The most frequently used assessment tools for comorbidities in RD are: the Charlson Comorbidities Index (CCI) [9], the Rheumatic Disease Comorbidity Index (RDCI) [10], and the Multimorbidity (MM) Index [11]. However, these methods are not adequate for the function, quality of life and risk of mortality evaluation. In a multimorbidity situation, it is difficult to assess the quality of life, a multidimensional health assessment questionnaire may be used in such instances [12].

The comorbidity and multimorbidity are often not distinguished as separate phenomena and are used interchangeably [13]. In the concept of comorbidity, RD, like RA, is central and coexistent diseases are related, being in some cases a consequence of the onset of RD. In the case of multimorbidity, the patient is at the centre and all diseases coexist and affect each other’s course and the patient’s condition. The assessment of comorbidities is based on the disease index and it determines the coexistence of any other disease. Multimorbidity covers all aspects of the patient’s condition, including the interaction with the underlying disease and possible pathophysiological connections. Therefore, it is a broader concept than the concept of an accompanying/co-existing disease(s). In multimorbidity, the disease index is not defined, and all co-morbidities are equally important. The statistical data reveal a vital fact, i.e. the average frequency of patients with multimorbidity in the population is estimated to be around 25%, whereas in patients with chronic arthritis the group reaches up to 75% [13]. The discussion concerning the issue of which diseases should be included in the multimorbidity spectrum is still open. Currently, the list of coexisting diseases includes 40 items with high heterogeneity, without any selectivity criteria. The influence of multimorbidity on the patient’s condition depends, which is understandable, on the number of chronic morbidities.

There are differences in the therapeutic strategy, depending on which theory: comorbidity or multimorbidity, is to be followed. In the case of comorbidities, the treatment is directed to the underlying disease, e.g. RA. The evaluation of the results of the RD treatment is based on the monitoring of disease activity using validated indicators such as DAS28 or SDAI and the disease index.

Clinical studies showed that the most common comorbidities in patients with chronic joint diseases include: hypertension (53%), hypercholesterolaemia (47%), CVD (24%), obesity (36%), and diabetes (16%). The coexistence of these diseases often complicates or limits the recommended management of joint diseases, due to the interaction of drugs, polypharmacy, or drug intolerance. There is growing interest in a holistic approach to the treatment of patients with RDs. The recommendations of the EULAR 2016 initiative group [14] concern the development of the standardised methods for the assessment and reporting of comorbidities in everyday rheumatological practice. As a result of this consensus, the necessity to assess the frequency of occurrence of comorbidities in the course of RD, to screen for the most common diseases co-existing with inflammatory joint diseases, and to determine the risk of their occurrence and prevent co-morbid diseases, was established.

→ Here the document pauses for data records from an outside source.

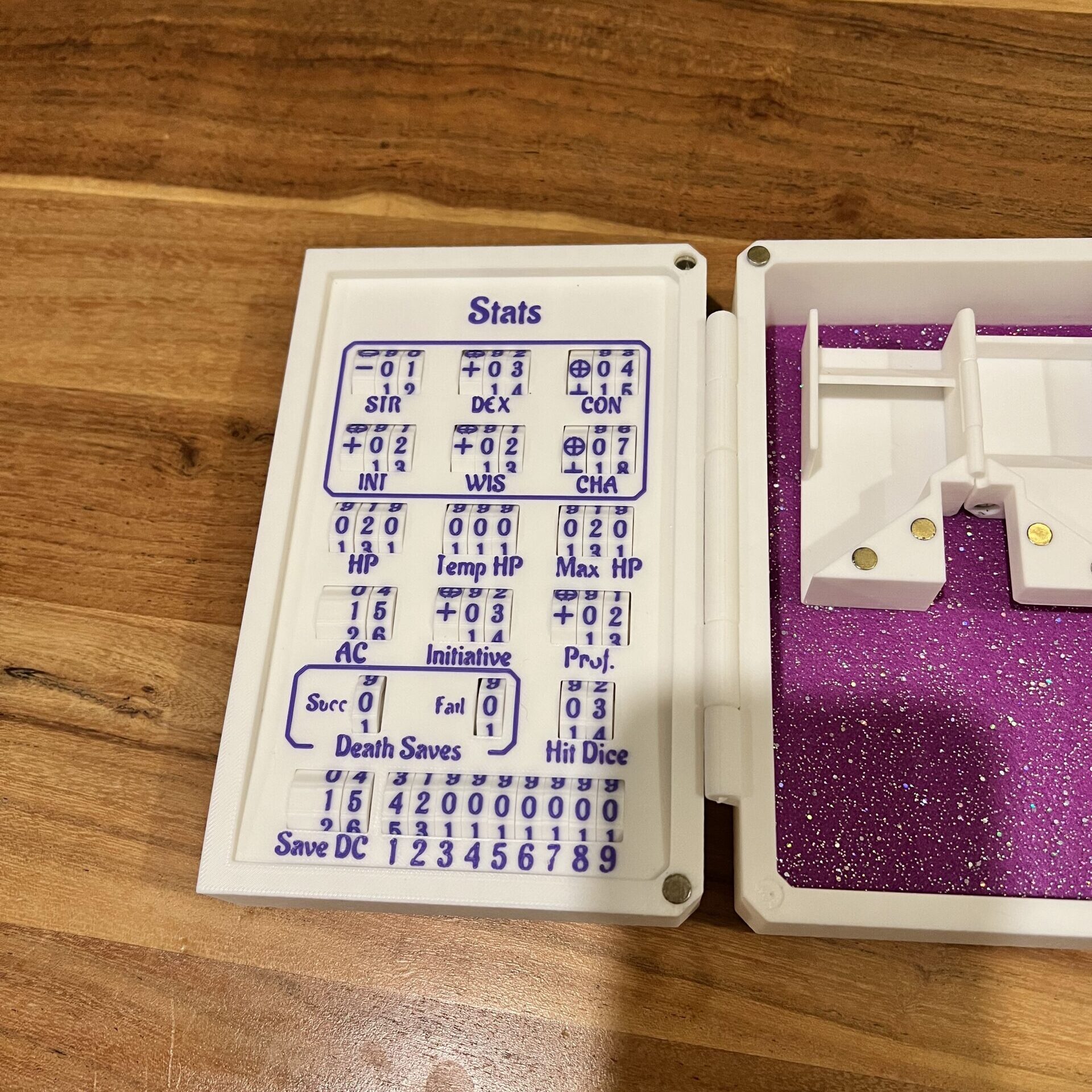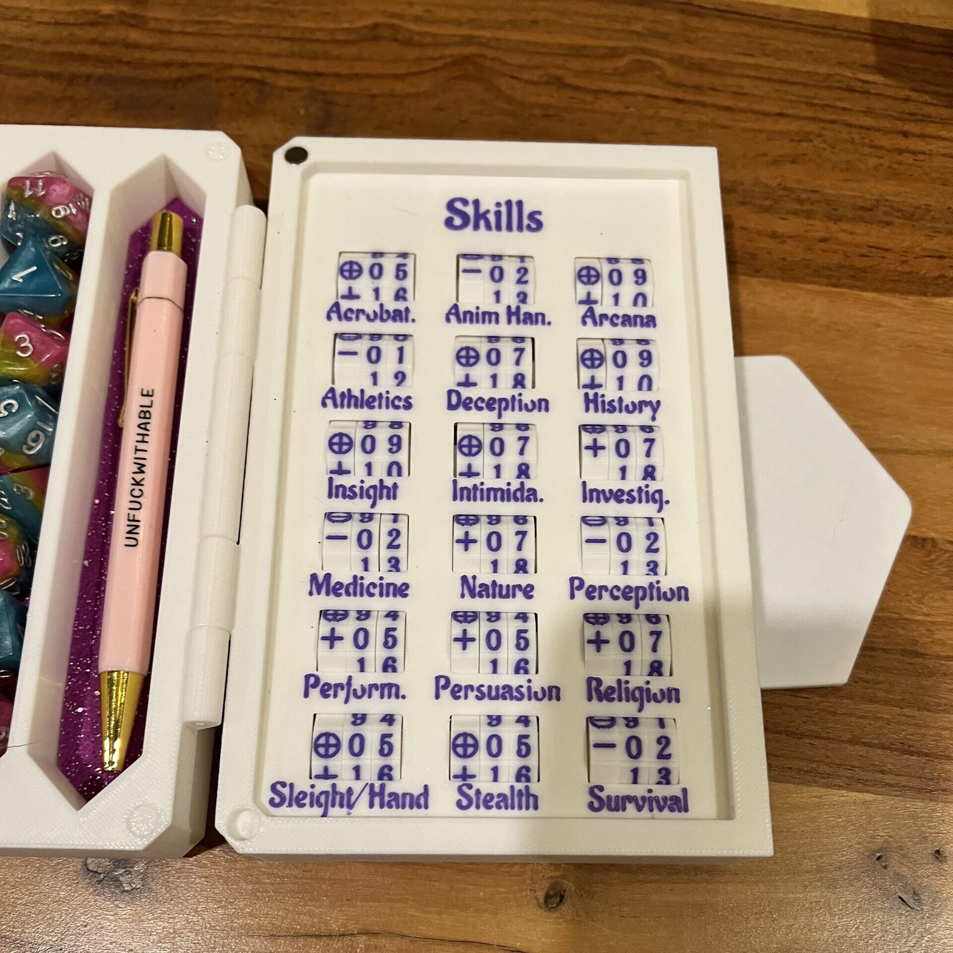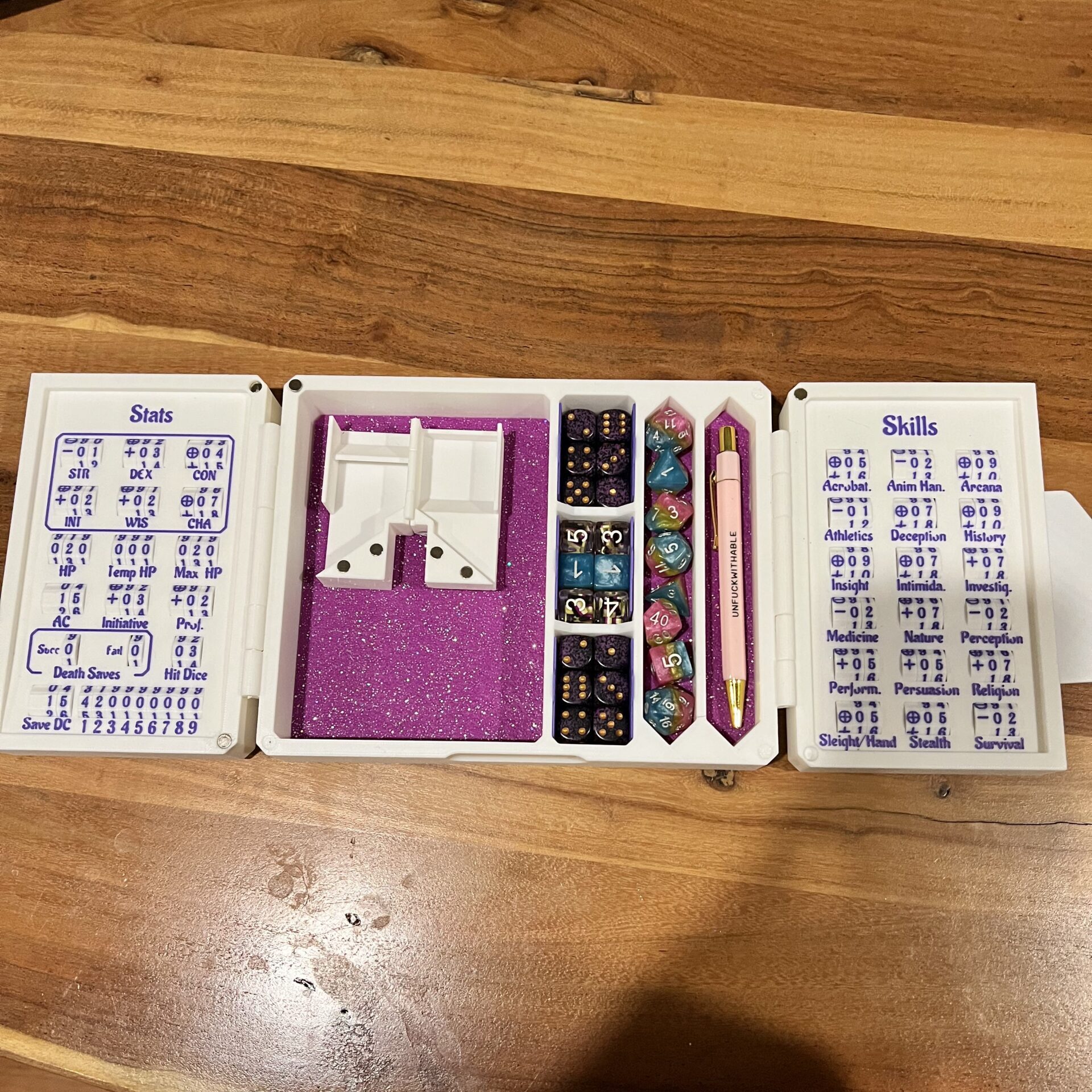 Featuring a spell slot tracker, all your core stats, and skill check details, this truly is the ultimate option for D&D enthusiasts. It comes with space to store your dice, pens, or minis, as well as a foldaway dice tower and a rolling tray that can also act as additional storage. It also comes with three dice lifters for the small compartments, but these are fully removable if you’d rather store something else in there! The latched door ensures your gear is safe between sessions and can be easily transported to and from game night.
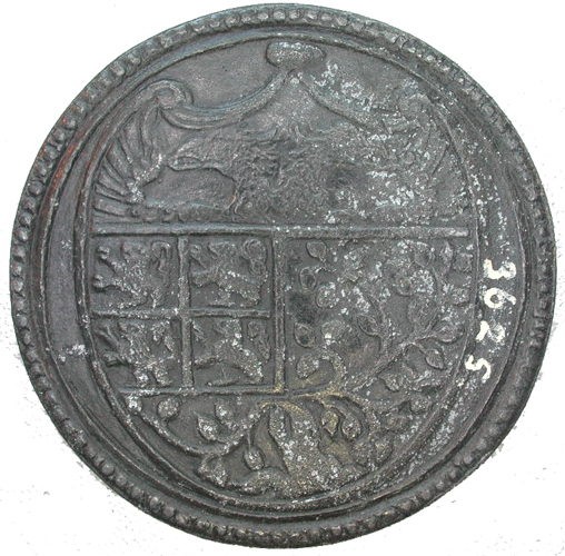 Vz: binnen een parelrand en een getrokken rand, het Bossche stadswapen met daarbo¬ven een dubbelkoppige adelaar
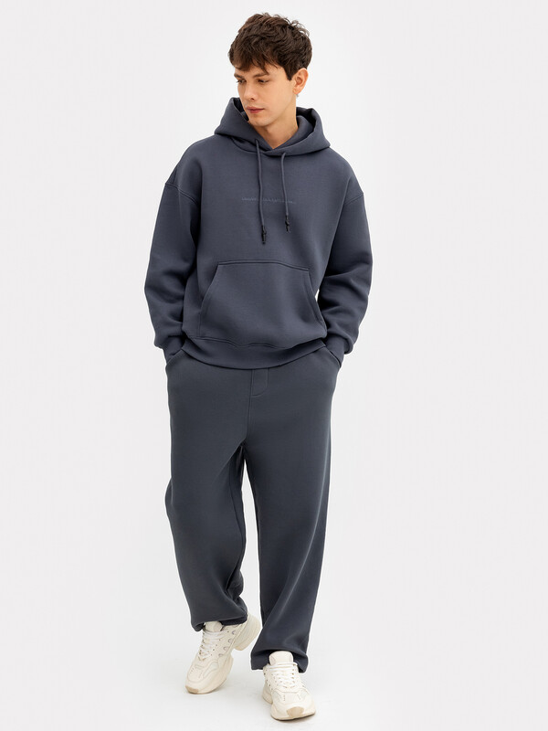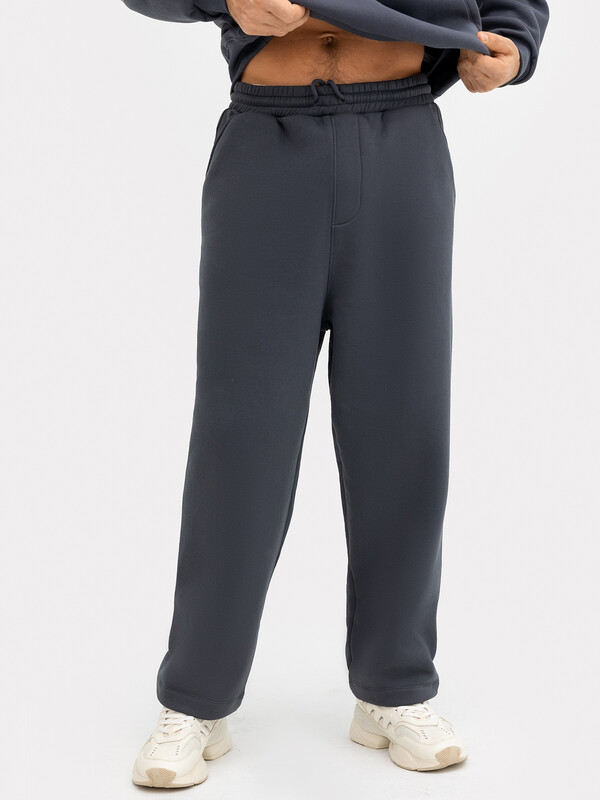 Стильные брюки мужские изготовлены из футера с подчесом. Модель прямого свободного (оверсайз) силуэта. Сидение спущено. Пояс отрезной с эластичной тесьмой внутри. С внешней стороны пояса есть петли и втянут шнур. В боковых швах обработаны карманы. Изделие без боковых швов с фигурными вертикальными рельефами. На правой задней половинке - накладной карман. Удобные и комфортные в носке, подойдут для спорта, активного отдыха, прогулок. Отлично сядут на любую мужскую фигуру. Рекомендуем!
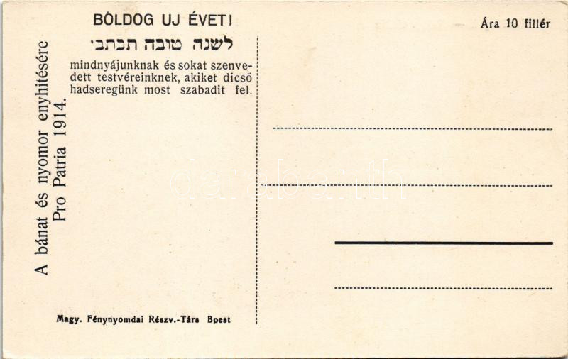 Description: Osztrák-magyar hadihajók a tengeren. Zsidó héber nyelvű újévi üdvözlet a hátoldalon. A bánat és nyomor enyhítésére pro patria 1914 / K.u.K. Kriegsmarine Kriegschiffe / WWI Austro-Hungarian Navy battleships at sea. Jewish Hebrew New Year greeting on the backside

The main principles of conduct were formulated in the following three points:

  1. Co-morbidities (cardiovascular system and gastrointestinal tract diseases, osteoporosis, depression, or cancer) should be carefully evaluated and treated in patients with RDs.

  2. Rheumatologists, health professionals, and patients play a significant role in detecting and monitoring co-morbidities. It is recommended that an individual questionnaire be completed by patients, developed by the EULAR Group.

  3. Co-morbidities should be covered by a specially developed program, which should be systematically updated every five years.